Why Keip specifically#

I could have written all of this directly in Spring Boot with the SI XML files in the classpath. Keip’s contribution is that the route XML becomes a Kubernetes ConfigMap, and the entire integration is an IntegrationRoute Custom Resource. The runtime is provided by Keip’s operator; my pod is a thin Spring Boot wrapper that imports the routes and registers any custom beans (the continuity lint, the entity helper) I want to call from SpEL.

What this buys me in practice:

  • Route changes are kubectl apply followed by a pod rollout. No image rebuild for a prompt tweak or a new transformer.
  • The route XML lives in a git repo next to the pod’s deployment manifest. Reviewing a pipeline change is reviewing a diff to a file, not picking apart a custom orchestrator.
  • Standard Kubernetes tooling works because the integration is a Kubernetes workload. Liveness and readiness probes, log collection, Prometheus scraping, secret injection through env vars, ConfigMap and Secret hot-reload, rolling deployments with zero downtime, all behave the way they would for any other pod.
  • Scaling is the cluster’s job. Each integration runs as its own pod, with its own resource requests and limits, so a heavy Pass-3 doesn’t starve a lightweight assembly pod. When a pass is CPU-bound rather than GPU-bound, kubectl scale --replicas=N adds workers and AMQP fans the work across them with no code change; the splitter and aggregator already handle concurrent consumers correctly.
  • Self-healing for free. If a pod OOMs or panics, the kubelet restarts it; unacked AMQP messages return to the queue and the new pod picks them up where the old one left off. The transactional message handling at the Spring Integration layer composes with the restart semantics at the Kubernetes layer.
  • Service discovery and scheduling are solved problems. The LLM gateway, the image-gen service, the TTS service, the broker are all in-cluster, reachable by DNS name. GPU-resident workloads can be pinned to the right node with affinity rules, and network policies isolate routes that shouldn’t talk to each other. None of this required custom plumbing.
  • I can declare multiple IntegrationRoute CRs against different image tags if I want to A/B a route change. The pod is cheap to spin up.

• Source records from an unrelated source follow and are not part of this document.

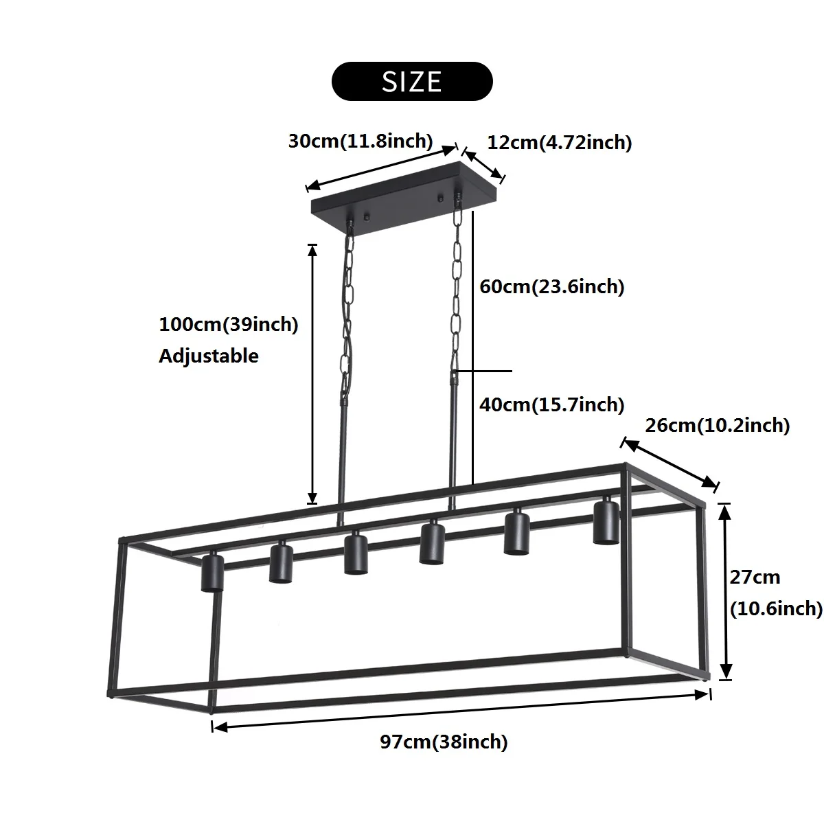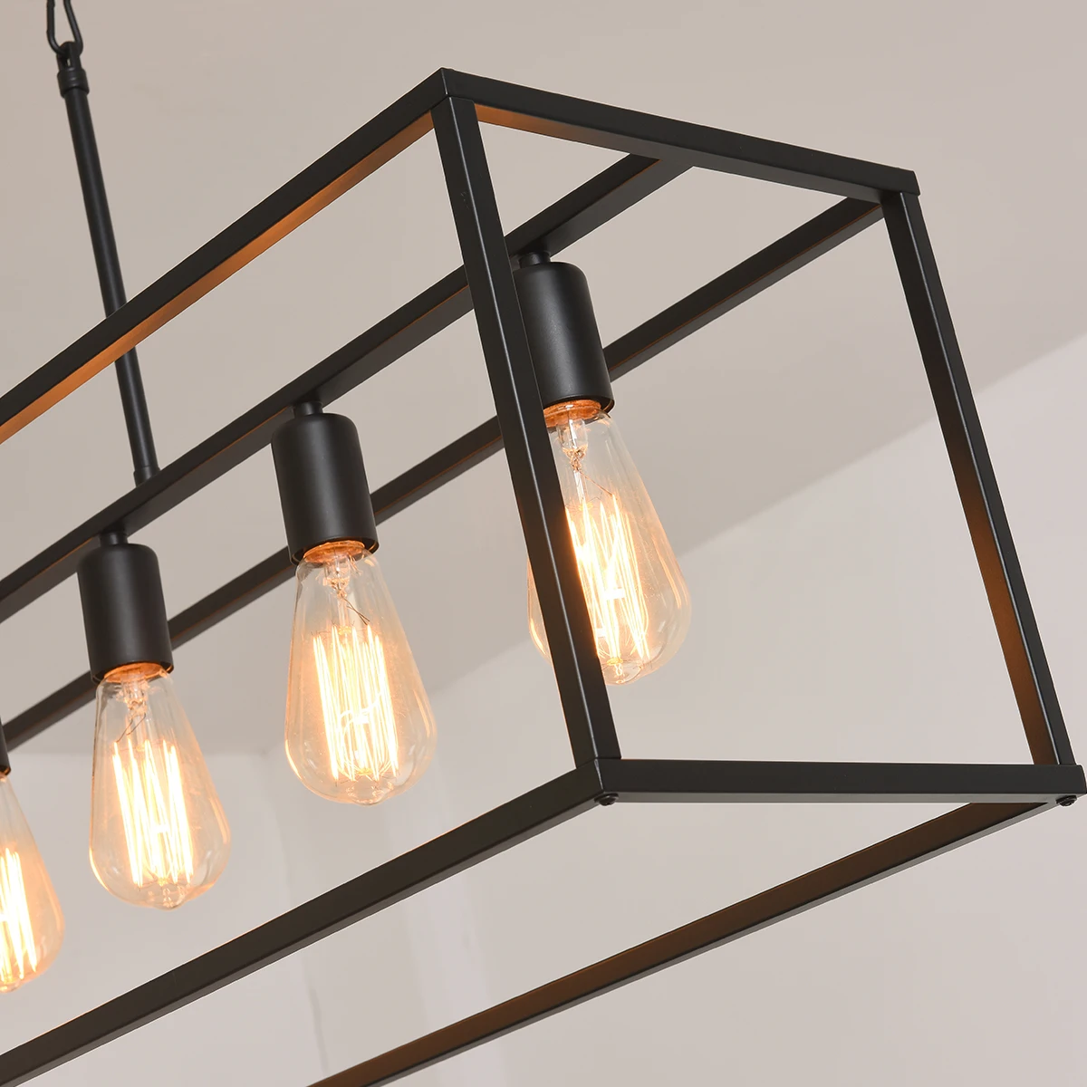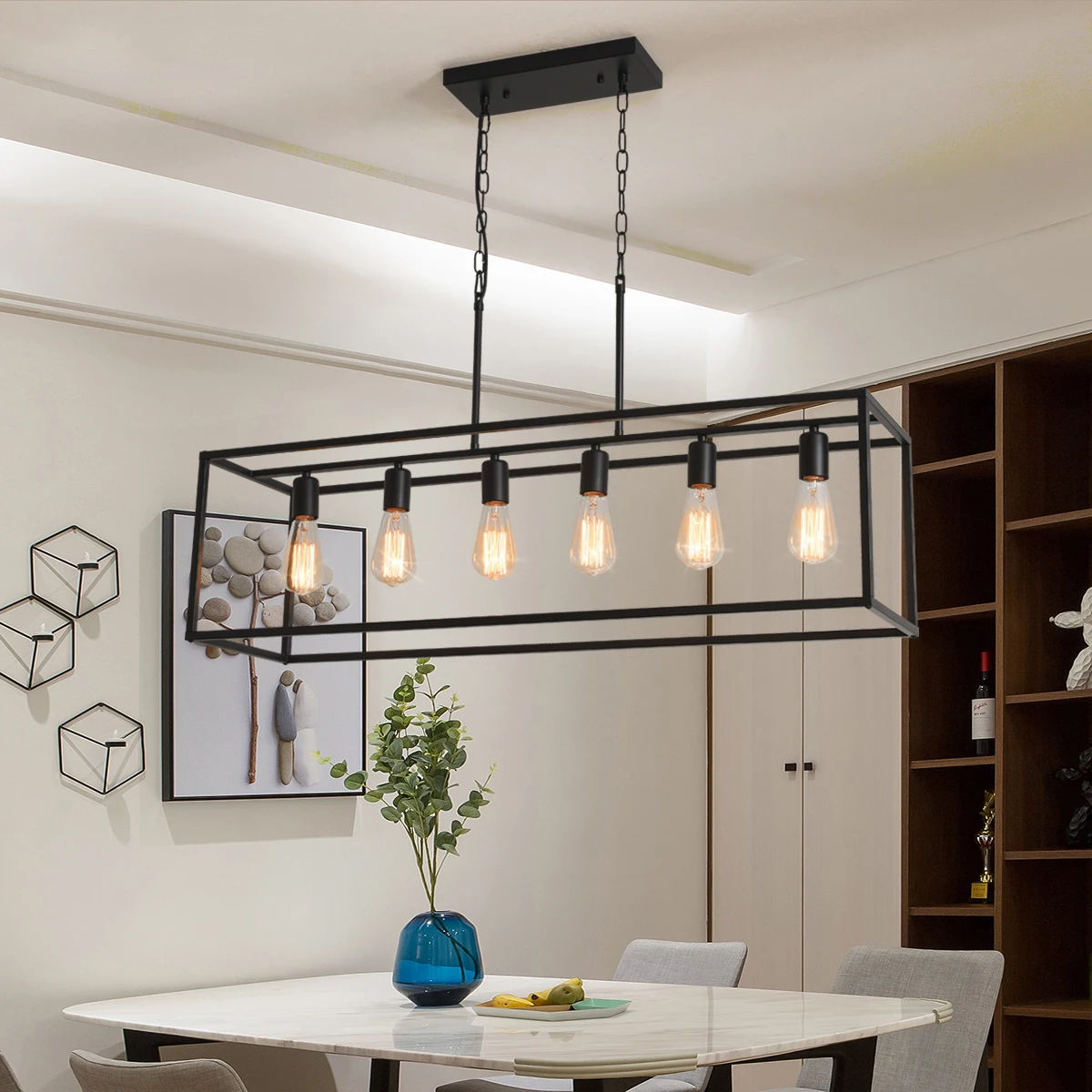 The Garwarm 6-Light Rectangle Farmhouse Chandelier combines modern simplicity with rustic charm, making it a perfect lighting solution for your kitchen island, dining room, living room, or bar area. Designed with a sleek black iron frame, this linear chandelier enhances any interior with its elegant industrial style.
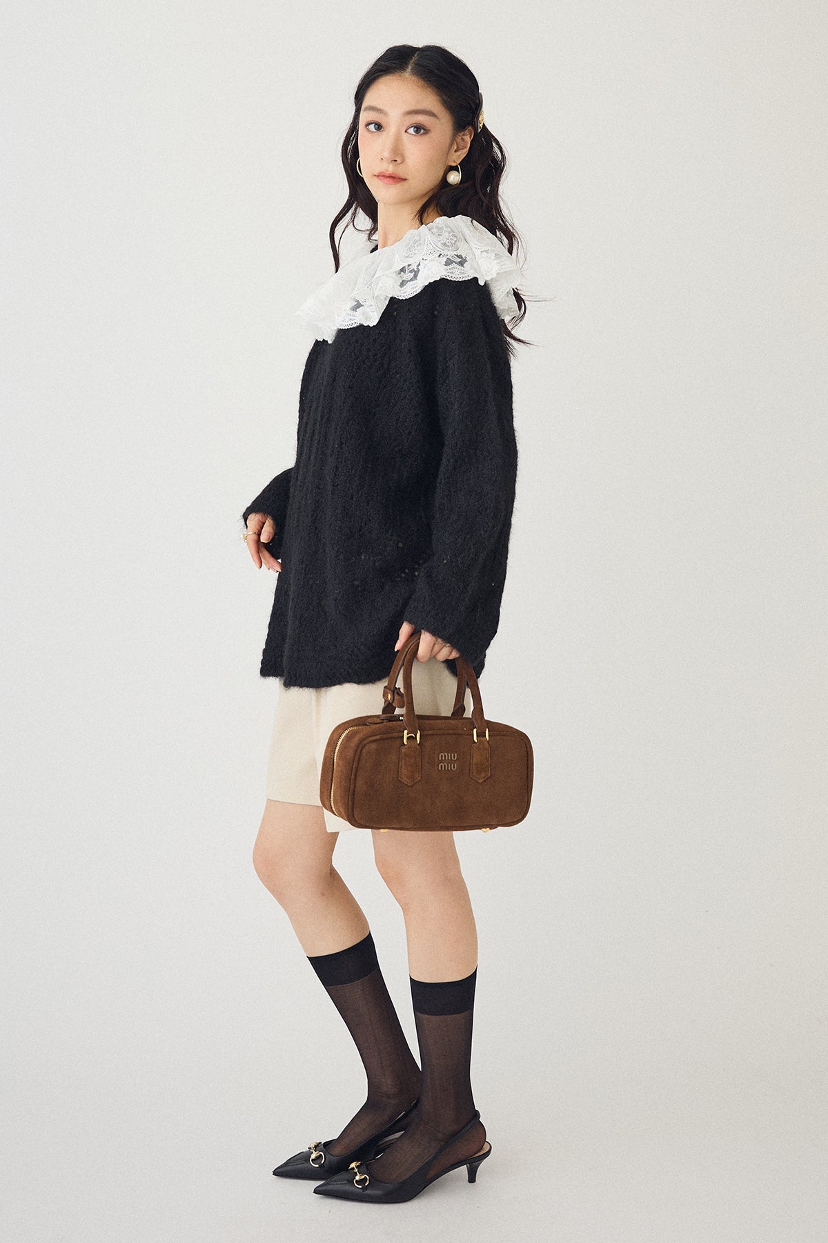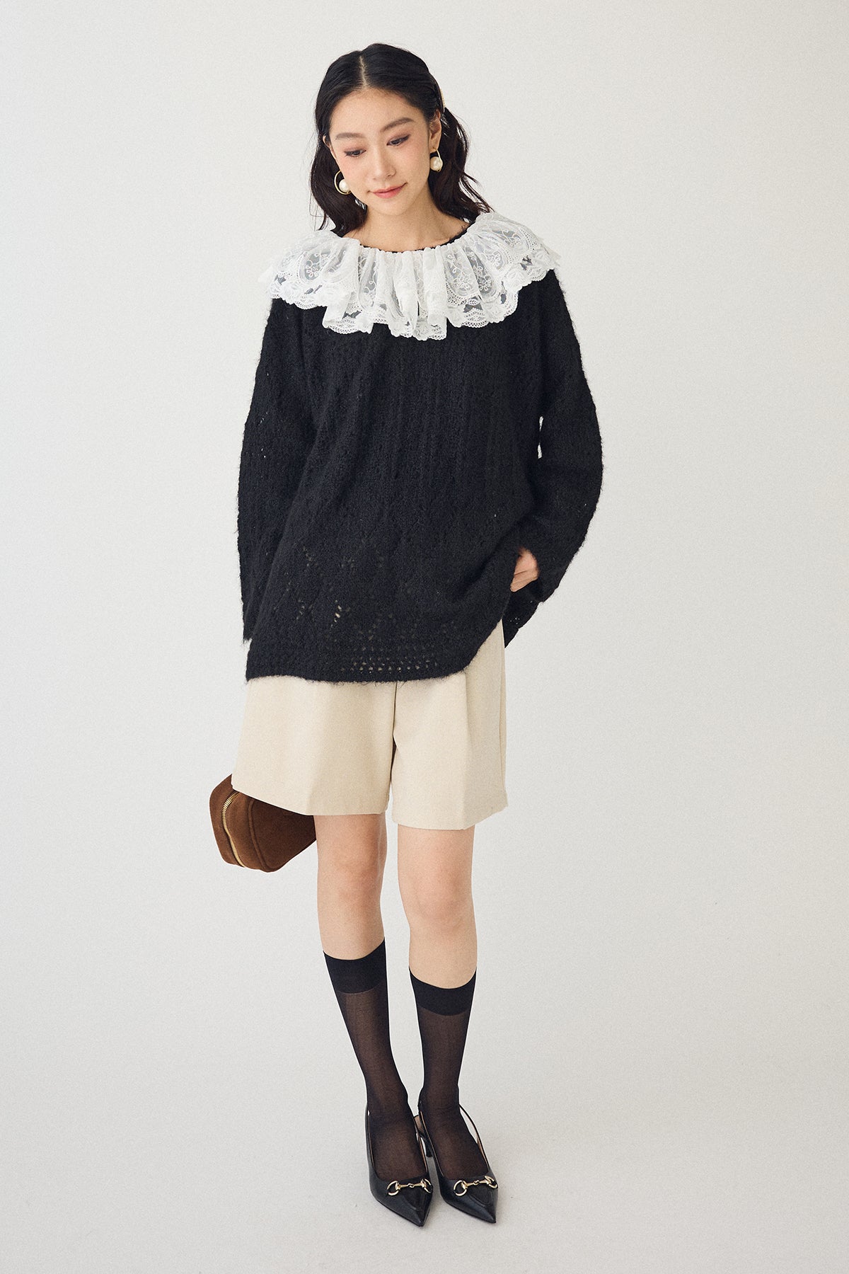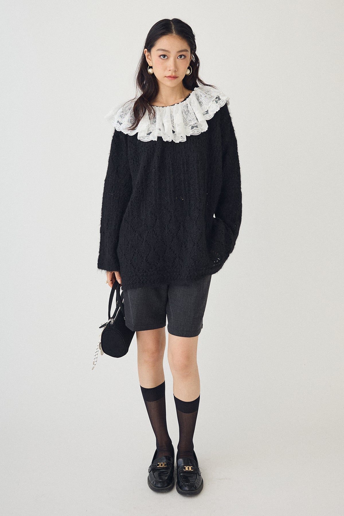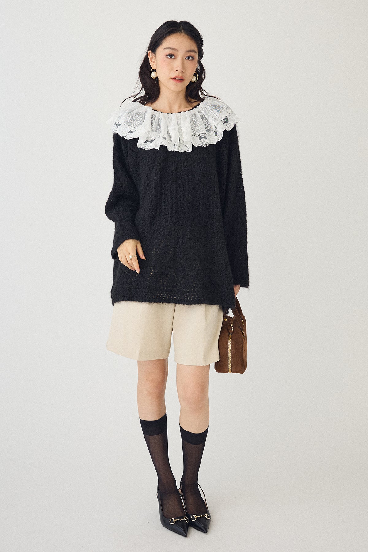 [予約/SET]ダブルレースカラードッキングニット+ウールタッチセンタープレスハーフパンツ(2set)
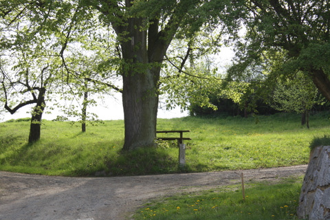 Alte Eiche vor der Mühle und Freisitz für Gäste
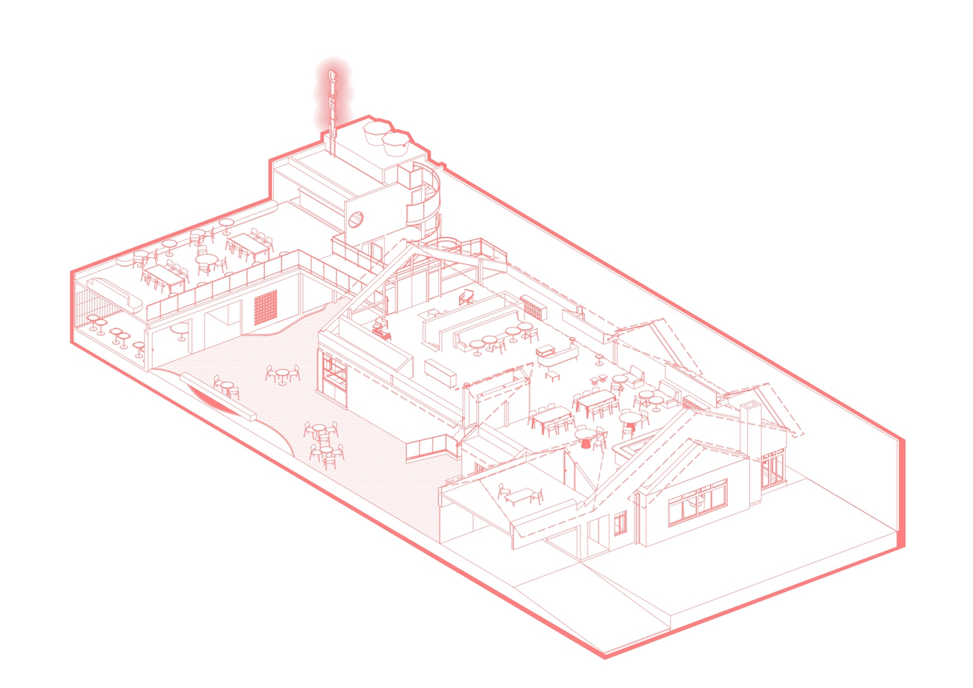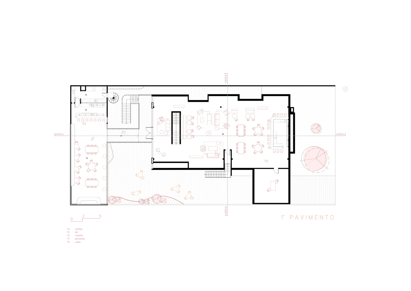 该酒吧设计在库里蒂巴市巴泰尔区的城市肌理中,一栋20世纪50年代的建筑正以全新姿态呼吸——由它改造而成的Céu Bar,在完整保留历史立面的城市印记之余,将当代设计的活力注入建筑肌理。这里没有对历史的刻意复刻,也没有现代元素的盲目堆砌,而是以“新旧共生”为设计语言,在时光的褶皱里,为库里蒂巴的夜生活构建出一个兼具记忆温度与多元体验的复合型空间。

Compared to writing this in Python with bespoke orchestration, the Spring side gives me thread-safe channels, declarative AMQP wiring, transactional message handling, a well-understood failure model around acks and redeliveries, and a vocabulary that survives googling. Compared to plain Spring Integration, Keip inherits the entire Kubernetes operational story for free: scaling, self-healing, scheduling, observability, and rollout safety are all just there because the integration runs on the same control plane as everything else in the cluster.

This is one of several Keip integrations I run in the homelab for different jobs — a research-feed scoring pipeline, an image-generation service, a health-tracking ingest, and others — all following the same patterns at different scales. I’ll write up the inventory separately.

What I’d tell someone starting#

If you’re building anything more than a single LLM call wrapped in retry logic, you’re building a messaging system. The patterns you’ll want already have names, and the runtimes that implement them already exist.

The three I’d start with, in order:

  1. Claim Check. Use a shared PVC (or S3, if you must) for artifacts. Pass the slug, not the bytes. Your AMQP broker will thank you, and your debug surface becomes ls and cat.
  2. Splitter + Aggregator. The moment you have per-scene, per-chunk, or per-anything work, this is your shape. The aggregator’s release-strategy expression is where the “we have N things now, proceed” logic lives. Don’t reinvent it.
  3. Grammar-constrained decoding. Treat the LLM as a producer that needs schema enforcement at the protocol level. Don’t catch parse errors downstream; prevent them at the source.

And keep a gate. One human-approved checkpoint, somewhere near the front of the pipeline where structural decisions get made, will save more compute than any optimization you can apply downstream.